# Information
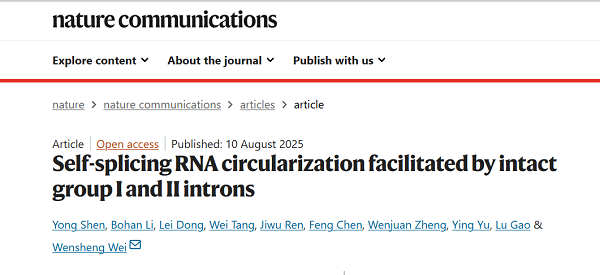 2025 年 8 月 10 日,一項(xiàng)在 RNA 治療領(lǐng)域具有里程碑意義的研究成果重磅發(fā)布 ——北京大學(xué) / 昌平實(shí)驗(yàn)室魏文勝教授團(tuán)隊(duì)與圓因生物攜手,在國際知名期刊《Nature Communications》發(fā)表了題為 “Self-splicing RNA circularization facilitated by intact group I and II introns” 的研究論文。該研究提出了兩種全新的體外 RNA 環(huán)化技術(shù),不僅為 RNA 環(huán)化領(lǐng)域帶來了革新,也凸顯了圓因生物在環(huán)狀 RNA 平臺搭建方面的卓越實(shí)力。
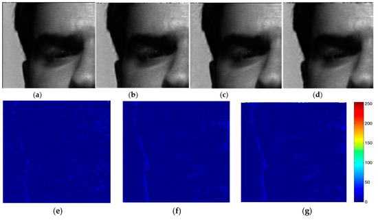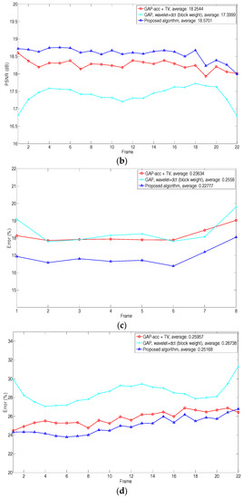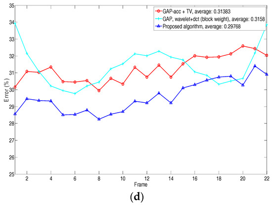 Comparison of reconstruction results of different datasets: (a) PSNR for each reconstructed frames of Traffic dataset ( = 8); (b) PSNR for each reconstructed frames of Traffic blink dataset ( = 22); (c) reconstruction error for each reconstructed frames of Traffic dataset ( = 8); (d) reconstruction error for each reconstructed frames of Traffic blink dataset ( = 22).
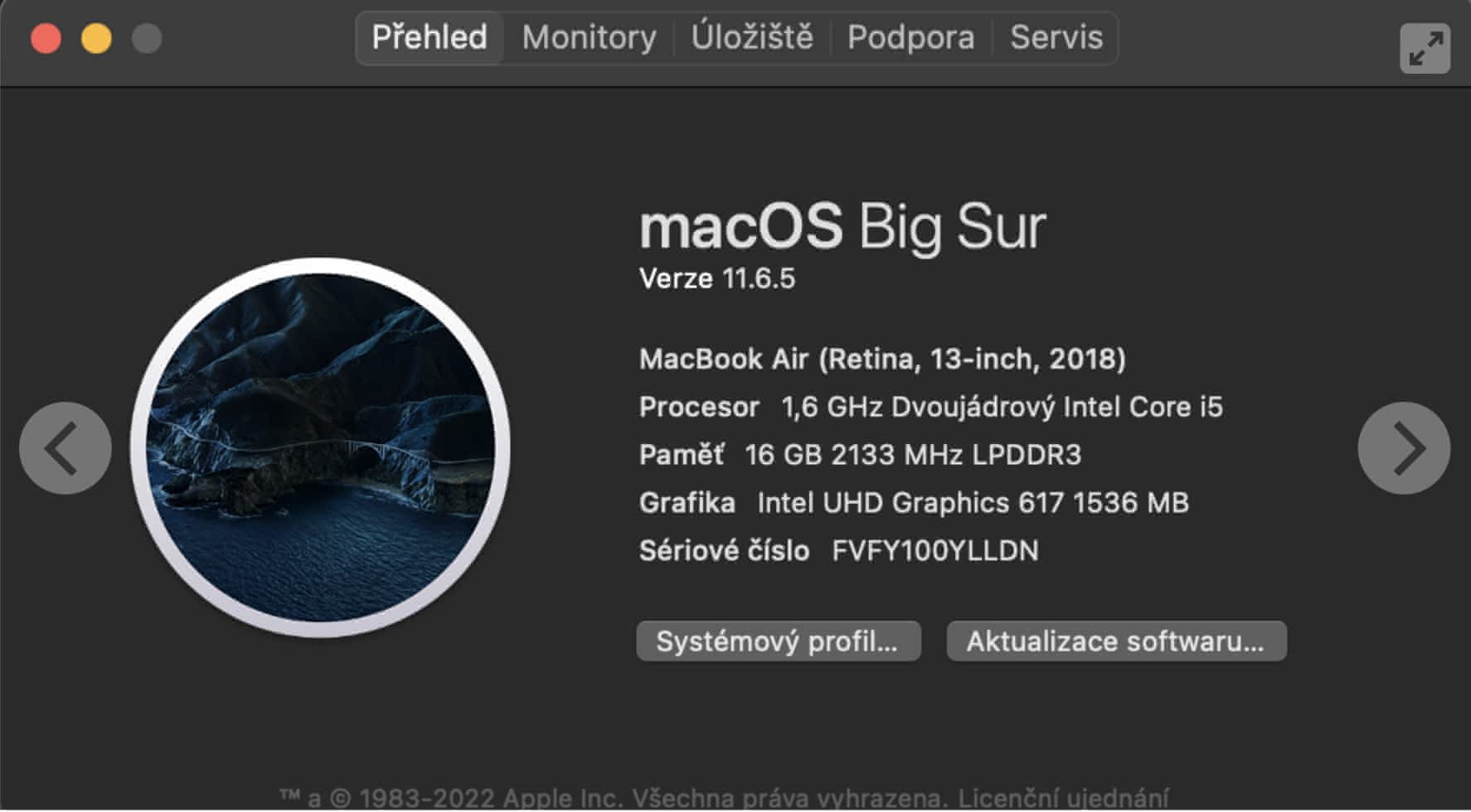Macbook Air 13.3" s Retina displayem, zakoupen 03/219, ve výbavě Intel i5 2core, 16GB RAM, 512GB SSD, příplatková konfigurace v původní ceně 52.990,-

--

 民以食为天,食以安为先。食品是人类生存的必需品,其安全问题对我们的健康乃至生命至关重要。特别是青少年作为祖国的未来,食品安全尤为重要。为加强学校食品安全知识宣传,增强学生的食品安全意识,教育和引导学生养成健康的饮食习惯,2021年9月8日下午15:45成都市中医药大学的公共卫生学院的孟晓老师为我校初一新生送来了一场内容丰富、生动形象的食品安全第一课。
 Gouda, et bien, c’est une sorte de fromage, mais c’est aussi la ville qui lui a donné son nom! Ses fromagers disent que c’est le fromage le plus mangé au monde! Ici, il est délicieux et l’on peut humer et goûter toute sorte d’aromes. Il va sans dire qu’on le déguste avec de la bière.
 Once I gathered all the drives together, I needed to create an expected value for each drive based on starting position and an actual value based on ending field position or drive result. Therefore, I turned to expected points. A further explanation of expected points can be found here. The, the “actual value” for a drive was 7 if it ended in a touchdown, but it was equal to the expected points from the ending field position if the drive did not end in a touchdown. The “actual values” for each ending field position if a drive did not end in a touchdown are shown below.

# What is being asked
An exact copy is needed of the entries above, starting at the line that holds "2025 年 8 月 10" and stopping at the line that holds "Comparison of reconstruction", both kept; pictures stay out.

# Exercise answer
 2025 年 8 月 10 日,一項(xiàng)在 RNA 治療領(lǐng)域具有里程碑意義的研究成果重磅發(fā)布 ——北京大學(xué) / 昌平實(shí)驗(yàn)室魏文勝教授團(tuán)隊(duì)與圓因生物攜手,在國際知名期刊《Nature Communications》發(fā)表了題為 “Self-splicing RNA circularization facilitated by intact group I and II introns” 的研究論文。該研究提出了兩種全新的體外 RNA 環(huán)化技術(shù),不僅為 RNA 環(huán)化領(lǐng)域帶來了革新,也凸顯了圓因生物在環(huán)狀 RNA 平臺搭建方面的卓越實(shí)力。
 Comparison of reconstruction results of different datasets: (a) PSNR for each reconstructed frames of Traffic dataset ( = 8); (b) PSNR for each reconstructed frames of Traffic blink dataset ( = 22); (c) reconstruction error for each reconstructed frames of Traffic dataset ( = 8); (d) reconstruction error for each reconstructed frames of Traffic blink dataset ( = 22).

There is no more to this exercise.